Bu bakışı biliyordum. Yine kalbimi kıracak bir şeyler söyleyecekti, sonra da hiçbir şey olmamış gibi hayatına devam edecekti. Nasılsa ben her şeyi hazmediyordum.

"Senin gibi, arkadaşlarımı bir oyuncak olarak görmediğim için kaybetmekten korkuyorum, evet. Ve biliyor musun Kamuran, senin aptal paranoyan yüzünden de kimseyle arkadaşlığımı kesmeyeceğim."

Paranoyan...

Gözlerim doluyor gibi olsa da derin bir nefes alarak boğazımdaki yumrunun geçmesini sağladım. Kimsenin, özellikle de o Beyza cadısının beni ağlarken görmesini istemiyordum. Eve geçince istediğim kadar ağlayabilirdim ama burada bunu yapamazdım, asla. Başımı sallayıp dudaklarımı aradım ancak cevap verirken tüm çabama rağmen sesimin titremesine engel olamadım.

"Senden arkadaşlığını kesmeni isteyen olmadı."

Tuna yeniden laf yetiştirecek gibi olduğunda yüzümdeki kırgınlığa rağmen başımı hafifçe yukarı kaldırdım ve boğazımdaki kırgınlığı yutarak gözlerimi bana öfkeyle bakan gözlerine diktim. Neyse ki bu sefer sesim titrememişti.

"Senin arkadaşların beni ilgilendirmiyor, benim arkadaşımın da seni zerre ilgilendirmediği gibi."

Dudaklarını birbirine bastırıp sabır dileyen Tuna dediklerimi hazmedemeyerek yeniden başını bana doğru çevirdi ancak hemen yanımdan yükselen bir ses yüzünden ilgisini üzerimden çekmek zorunda kaldı.

"O lanet çeneni bir kez daha açacak olursan bu aptal maça gerek kalmayacak."
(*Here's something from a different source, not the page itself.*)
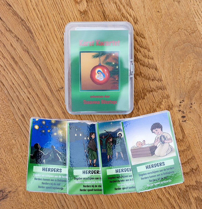 Prachtig geïllustreerd en vormgegeven kwartetspel door Susanna Hüsstege. Op speelse wijze leren kinderen het Kerstverhaal kennen door de afbeeldingen en teksten op de speelkaarten.
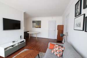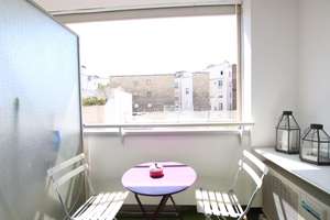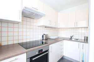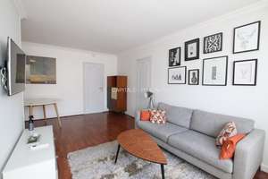 44sqm, 6st floor, modern building with elevator/lift, entrance, living / dining room with sofa, 1 bedroom (double bed), modern bathroom, separated toilet, fully equipped kitchen (DW, WM, dryer, ovens) ; central heating + hot water, modern furniture, wardrobes, balcony 3 sqm, good condition, bright, calm

Başımı sesin geldiği yöne doğru çevirdiğimde ne zaman ayağa kalktığını bilmediğim Buğra'yı görmeyi beklemiyordum. Daha önce görmediğim sert bakışlarıyla doğruca Tuna'ya bakıyordu —Mert ile kavga ettikleri gün, ona bile böylesine nefretle baktığını görmemiştim. Tuna'nın her zamanki patavatsızlığına neden bu kadar öfkelenmişti ki?

Paris de duruma en az benim kadar şaşırmış olacak Buğra'ya soru sormak için ayağa kalktı ancak Tuna'ya yöneltilen öfkenin kurbanı olmamak için ağzını açamadı.

Hani efsane bir kovboy filmi olan İyi Kötü Çirkin'de bir sahne vardı: İsimsiz Adam ve Melek Göz arasında bir düello geçiyordu; kafalarda kovboy şapkaları, ağızlarda bir kürdan, çekilen silahların, eklemlerin şakırtısı, insanı gerim gerim geren tozlu ortamdaki western müziği ve kulakları çınlatan iki el ateş.

Piuw piuw!

Nedensizce karşımdaki bu görüntüyü ona acayip benzetmiştim.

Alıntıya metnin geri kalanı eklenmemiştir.